» Work to complete: Please give every line below again exactly, but not its pictures.

» Supplied data:
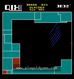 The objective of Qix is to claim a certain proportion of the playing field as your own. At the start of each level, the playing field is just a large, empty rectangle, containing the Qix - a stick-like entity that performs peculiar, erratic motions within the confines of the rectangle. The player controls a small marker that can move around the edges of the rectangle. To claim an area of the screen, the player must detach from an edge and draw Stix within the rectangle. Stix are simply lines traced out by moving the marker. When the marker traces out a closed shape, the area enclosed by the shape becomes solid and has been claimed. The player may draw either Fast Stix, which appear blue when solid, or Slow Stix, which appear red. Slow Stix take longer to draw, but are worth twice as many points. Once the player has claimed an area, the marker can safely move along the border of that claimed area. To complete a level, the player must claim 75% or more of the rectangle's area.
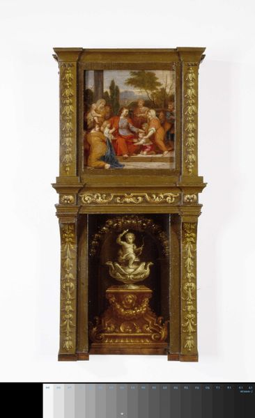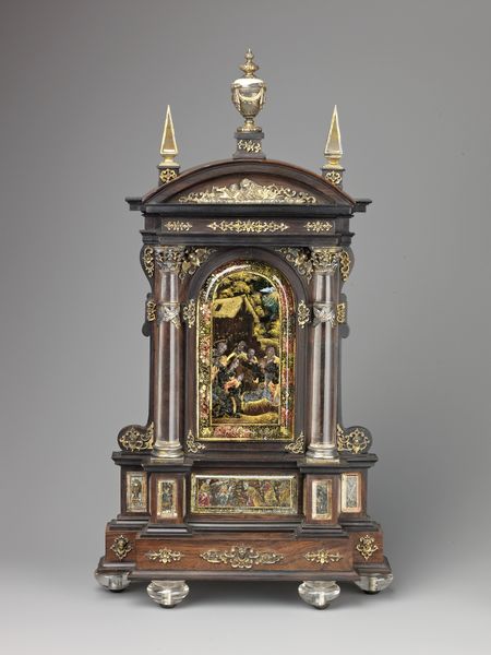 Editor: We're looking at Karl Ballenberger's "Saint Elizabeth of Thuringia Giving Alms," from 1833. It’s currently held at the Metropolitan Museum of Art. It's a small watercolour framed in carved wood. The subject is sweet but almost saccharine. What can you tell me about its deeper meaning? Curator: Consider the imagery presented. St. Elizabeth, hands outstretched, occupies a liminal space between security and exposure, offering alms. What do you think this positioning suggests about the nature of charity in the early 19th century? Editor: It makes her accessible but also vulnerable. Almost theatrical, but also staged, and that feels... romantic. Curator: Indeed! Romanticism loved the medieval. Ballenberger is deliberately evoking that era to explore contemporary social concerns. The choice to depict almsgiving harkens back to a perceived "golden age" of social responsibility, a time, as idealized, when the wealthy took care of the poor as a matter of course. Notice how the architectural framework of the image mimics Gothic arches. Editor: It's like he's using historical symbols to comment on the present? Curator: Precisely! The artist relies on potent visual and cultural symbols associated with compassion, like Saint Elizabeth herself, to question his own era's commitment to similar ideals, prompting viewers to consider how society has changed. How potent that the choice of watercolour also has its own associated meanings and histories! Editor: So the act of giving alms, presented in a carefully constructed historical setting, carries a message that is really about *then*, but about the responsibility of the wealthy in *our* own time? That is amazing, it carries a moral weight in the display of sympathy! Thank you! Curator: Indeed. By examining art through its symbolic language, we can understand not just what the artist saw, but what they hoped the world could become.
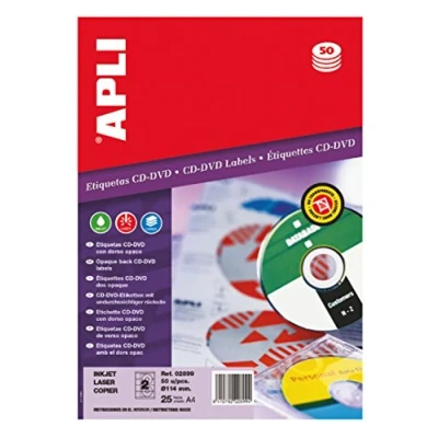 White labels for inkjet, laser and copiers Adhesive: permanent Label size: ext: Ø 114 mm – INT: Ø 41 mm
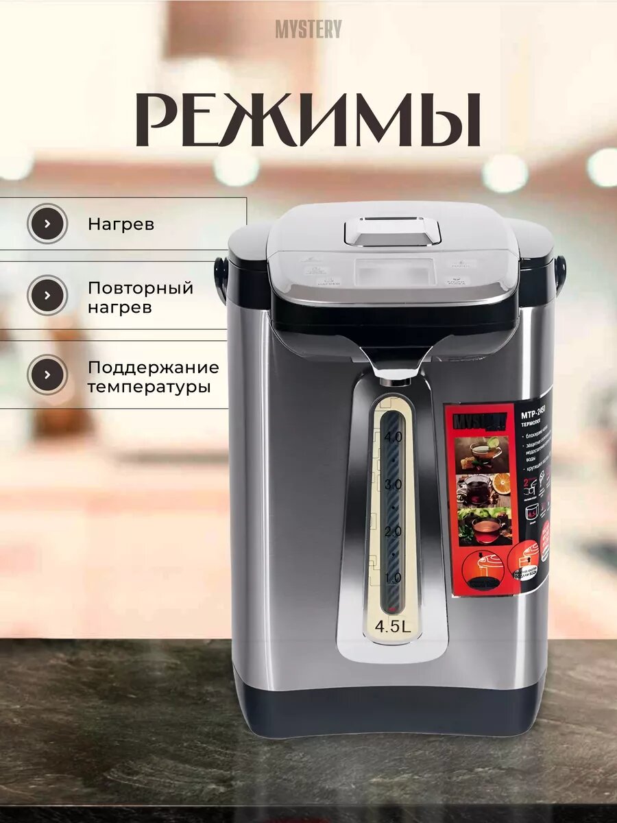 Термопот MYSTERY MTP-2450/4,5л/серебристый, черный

» Response to this task:
 The objective of Qix is to claim a certain proportion of the playing field as your own. At the start of each level, the playing field is just a large, empty rectangle, containing the Qix - a stick-like entity that performs peculiar, erratic motions within the confines of the rectangle. The player controls a small marker that can move around the edges of the rectangle. To claim an area of the screen, the player must detach from an edge and draw Stix within the rectangle. Stix are simply lines traced out by moving the marker. When the marker traces out a closed shape, the area enclosed by the shape becomes solid and has been claimed. The player may draw either Fast Stix, which appear blue when solid, or Slow Stix, which appear red. Slow Stix take longer to draw, but are worth twice as many points. Once the player has claimed an area, the marker can safely move along the border of that claimed area. To complete a level, the player must claim 75% or more of the rectangle's area.
 Editor: We're looking at Karl Ballenberger's "Saint Elizabeth of Thuringia Giving Alms," from 1833. It’s currently held at the Metropolitan Museum of Art. It's a small watercolour framed in carved wood. The subject is sweet but almost saccharine. What can you tell me about its deeper meaning? Curator: Consider the imagery presented. St. Elizabeth, hands outstretched, occupies a liminal space between security and exposure, offering alms. What do you think this positioning suggests about the nature of charity in the early 19th century? Editor: It makes her accessible but also vulnerable. Almost theatrical, but also staged, and that feels... romantic. Curator: Indeed! Romanticism loved the medieval. Ballenberger is deliberately evoking that era to explore contemporary social concerns. The choice to depict almsgiving harkens back to a perceived "golden age" of social responsibility, a time, as idealized, when the wealthy took care of the poor as a matter of course. Notice how the architectural framework of the image mimics Gothic arches. Editor: It's like he's using historical symbols to comment on the present? Curator: Precisely! The artist relies on potent visual and cultural symbols associated with compassion, like Saint Elizabeth herself, to question his own era's commitment to similar ideals, prompting viewers to consider how society has changed. How potent that the choice of watercolour also has its own associated meanings and histories! Editor: So the act of giving alms, presented in a carefully constructed historical setting, carries a message that is really about *then*, but about the responsibility of the wealthy in *our* own time? That is amazing, it carries a moral weight in the display of sympathy! Thank you! Curator: Indeed. By examining art through its symbolic language, we can understand not just what the artist saw, but what they hoped the world could become.
 White labels for inkjet, laser and copiers Adhesive: permanent Label size: ext: Ø 114 mm – INT: Ø 41 mm
 Термопот MYSTERY MTP-2450/4,5л/серебристый, черный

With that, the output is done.